The play's origins lay deep in Gray's relationship with his
beloved younger brother Piers, a brilliant academic in Hong
Kong (he wrote finely on T.S. Eliot) but unsuccessful
dramatist who declined into alcoholism (Gray, forced by
illness to abandon his own once-heroic alcohol consumption,
wrote movingly of Piers and his death in The Smoking
Diaries). Despite an unlovely set, Japes held the audience
with the barbed truth of the writing and the powerful
central duo of Toby Stephens and Jasper Britton, covering 30
years as they played famous novelist and equally talented
but less successful academic. Pinter yet again
teased out the best of Gray in The Old Masters (Comedy,
2004), with Edward Fox as the aged aesthete Bernard Berenson
in a tantalising study of his dealings with the devious
art-dealer Duveen (the play's luxury casting included a
superb Barbara Jefford).

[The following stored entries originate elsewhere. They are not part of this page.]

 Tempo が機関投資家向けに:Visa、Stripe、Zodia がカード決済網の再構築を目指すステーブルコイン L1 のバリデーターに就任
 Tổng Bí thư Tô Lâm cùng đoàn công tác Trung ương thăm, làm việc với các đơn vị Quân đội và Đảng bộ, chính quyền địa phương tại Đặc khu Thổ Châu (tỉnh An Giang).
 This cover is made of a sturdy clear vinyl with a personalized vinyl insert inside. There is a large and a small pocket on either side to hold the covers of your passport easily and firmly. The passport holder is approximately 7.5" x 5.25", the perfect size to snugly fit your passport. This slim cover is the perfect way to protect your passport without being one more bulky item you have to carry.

Then Peter Hall included Gray's
play based on his hero Charles Dickens' affair with the
young actress Ellen Tiernan, Little Nell (Bath, 2007), in
his Theatre Royal Bath season. Hall had previously tried to
coax Gray into writing a play on Dickens for the National
Theatre but Gray found the commission "too daunting" and
returned the advance. After reading Claire Tomalin's The
Secret Woman years later, he wrote a radio play on the
Tiernan affair before reworking it for the stage. It was
minor Gray in that its length was short and its scale small;
it was also beguiling and often tender (Gray rarely sat in
judgement on his characters). Much of a
turbulent life in the theatre is covered in Gray's
autobiographical books, most relishably in Fat Chance (1995)
covering the nightmare of Cell Mates
(Albery, 1995), his play on George Blake from which Stephen
Fry made a much-publicised early bolt, sabotaging the
production, to Gray's eloquent displeasure.

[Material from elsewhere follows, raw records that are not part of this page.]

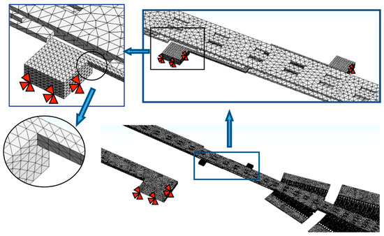 The stiffness modeling of the serpentine springs of the microgripper is obtained through FEM models. These models include a mesh with solid187 elements, as shown in Figure 12. The serpentine springs have refined mesh and are regarded fixed (red arrows in Figure 12) at their base, which are the joint surface with the substrate. The mechanical properties of polysilicon employed in FEM models are the follows: Young modulus of 160 GPa, Poisson ratio of 0.23 and density of 2330 kg m−3.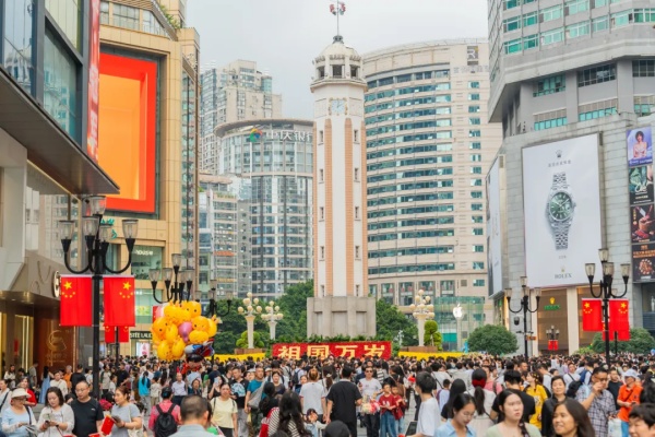同时,渝中还通过开展多元促销,打造引力强劲的“消费新磁场”。高端消费方面,9月25日至国庆中秋假期,24家国际知名品牌开启国际名品大促,参与品牌销售同比增长13.4%、环比增长73.7%。节日期间,欧米茄、蔻蕊、浪琴、哥伦布、杰尼亚销售分别增长1.5倍、1.4倍、51%、41%、31%。大众消费方面,龙湖重庆时代天街、国泰广场等推出大额满减,重百、大都会等推出“假日碰头会”“即兴跳动·漫舞聚场”等主题活动。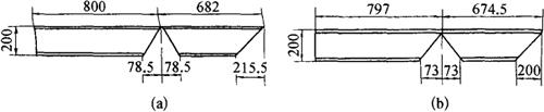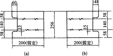 图3-165 槽钢与槽钢、H钢垂直拉撑切实样板 (a)与槽钢切头样板;(b)与H钢切头样板 用槽钢断面之58mm、140mm和58mm共256mm作为宽,用假定的200mm作为长,划出基础实形并引出平行线,在平行线上分别去掉含着部分长60mm和翼板厚15mm,即得切头样板。 ③槽钢与H钢的切头样板[见图3-165(b)]。 同上法作出基础实形,在平行线上分别去掉含着部分长148mm和翼板厚15mm,即得切头样板。 5.槽钢与槽钢、H钢斜拉撑料计算 如图3-166所示,左侧为槽钢与槽钢斜接,右侧为槽钢与H钢斜接,现将计算方法和作样板方法叙述如下。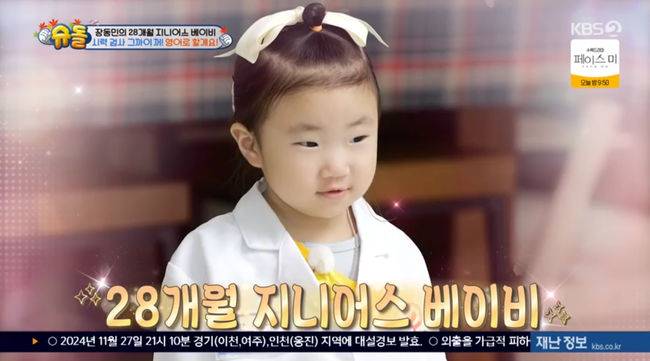 장동민 딸 지우, 천재 DNA 물려 받았다! 28개월에 영어로 시력검사 "꿈은 의사" ('슈돌') [순간포착]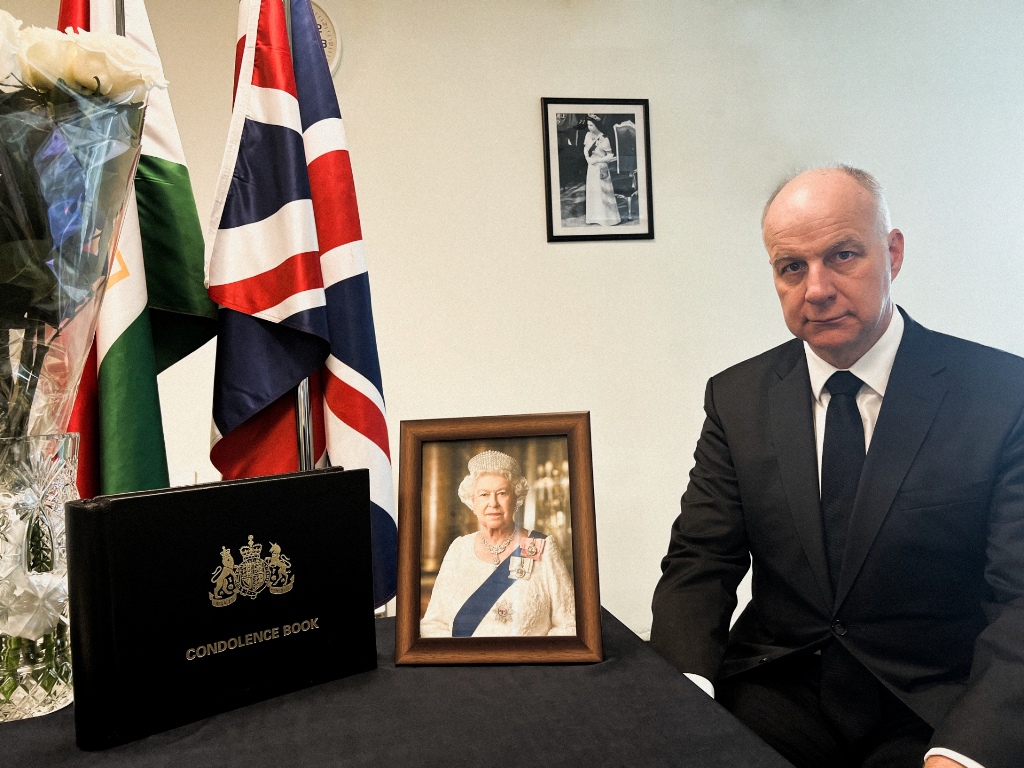 Посольство Великобритании в Таджикистане также справляет национальный траур по Королеве: британский флаг приспущен, коммуникационная активность в соцсетях приостановлена, в одежде сотрудников доминируют темные цвета, а в самом посольстве открыта Книга Соболезнований.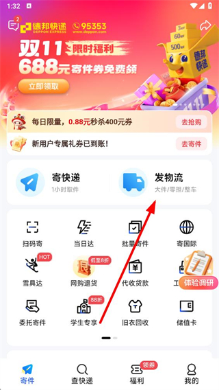 1、打開德邦快遞APP,在寄件頁面點擊發(fā)物流選項。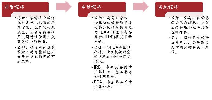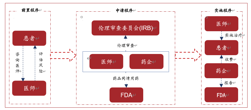 在评估患者后,医师可基于评估结论和患者意愿向FDA申请药品同情用药程序,其各阶段的衔接顺序和主体责任义务明确。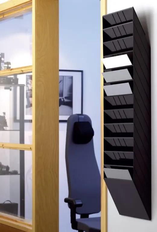 Deze tijdschrifthouder heeft een slank en compact formaat van 105 cm hoog, 35 cm breed en 9,5 cm diep. Dankzij de zwarte kleur past hij makkelijk in verschillende omgevingen, van kantoor tot wachtruimte. Het ontwerp is eenvoudig maar functioneel, zonder onnodige fratsen.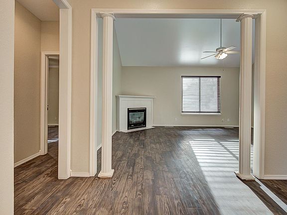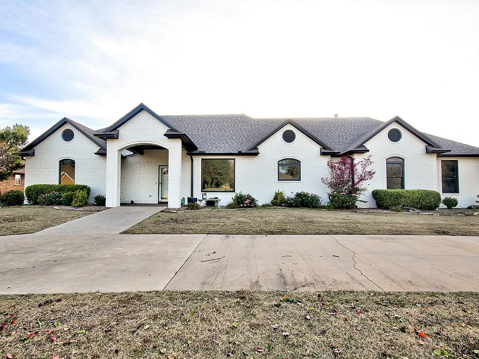 Stunning home tucked away on a beautiful tree lined street with side facing garage and circle driveway providing wonderful curb appeal. The exterior of the home was professionally painted in 2023 giving a gorgeous modern look with all new Anderson Windows and new guttering. New complimentary colored roof was installed in 2024. Upon entering the home you'll notice all surfaces have received a refresh with a warm paint color through-out plus traditionally colored luxury vinyl wood look flooring, both highly durable and visually pleasing. Vaulted ceilings in the living room add architectural interest to the spacious area. Custom fitted wood blinds allow for privacy while adding beauty to the new windows. The kitchen has an eat up bar with new stainless-steel dishwasher and range. A cozy study is fully equipped with built in shelving perfect for your home office, organized playroom, or the flex space that suits you. Each bedroom provides a walk-in closet, thoughtfully curated with built ins and great space. The popular split floor plan separates the primary suite from the two additional bedrooms and offers large en-suite complete with uniquely tiled shower, separate jetted tub and dual sinks in the vanity. Expansive, fully fenced backyard allows space for entertaining with large concrete patio.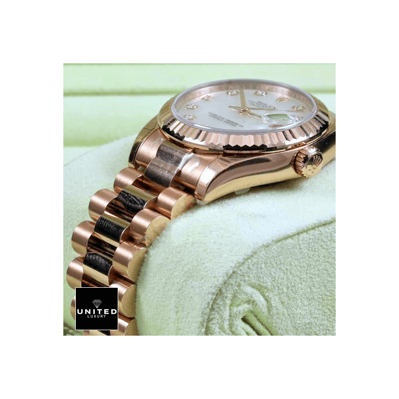 The Rolex Datejust 278275-0016 Rose Gold Automatic Mother Of Pearl Dial Oyster Replica is a high quality watch. It features a 904L stainless steel case in rose gold. with a sapphire crystal and adjust...

These memoirs are also enormously enjoyable as Gray,
seemingly free-wheelingly meditates on smoking, drinking (or
not), health worries (not least in 2006's The Year of the
Jouncer) and his ceaseless battles with officialdom,
machines and other cultures. In How's That For Telling 'Em,
Fat Lady? (1988), mostly detailing a chaotic American
production of The Common
Pursuit and the dealings of a charming
rogue-producer, he spins merry culture-clash riffs: he has
to produce his driver's licence to hire a video; a
receptionist asked to call Gray a cab thinks he wants to
hire a cat. In The Smoking Diaries he delightfully recounts
his boyhood admiration for the soft-porn pulp-fiction of
Hank Janson. Always self-deprecating, Gray
presents himself as mostly an idle memoirist, casually
jotting down random thoughts between televised cricket
(another bond with Pinter). But those volumes in fact are
cunningly structured, dazzlingly inventive in their language
and ideas alike, and often deeply touching when writing of
friendship or dealing with the deaths of friends – Ian
Hamilton, Alan Bates – or with their illnesses (as with
Pinter, especially after the rupture of their relationship
when Pinter took exception to Gray's portrait of him in a
television play – happily this was a friendship repaired). A
defiant smoker – a 65-a-day habit was severely trimmed –
until the end, his memoirs regularly smoulder with Gray's
fury at the anti-smoking brigade. Notices on smoking were
red rags to Gray. One can only speculate on his response to
any celestial waiting-room's printed injunctions or
admonitions. He took particular exception to "We would
prefer you not to smoke", and his most likely response,
should it be brought to his notice after lighting up, would
be "I prefer to smoke." Alan Strachan
Simon James Holliday Gray, playwright, writer and
memoirist: born Hayling Island, Hampshire 21 October 1936;
Supervisor in English, University of British Columbia
1960-63, Senior Instructor in English 1963-64; Lecturer in
English, Queen Mary College, London 1965-85, Honorary Fellow
1985; CBE 2005; married 1965 Beryl Kevern (one son, one
daughter; marriage dissolved 1997), 1997 Victoria
Rothschild; died London 6 August 2008.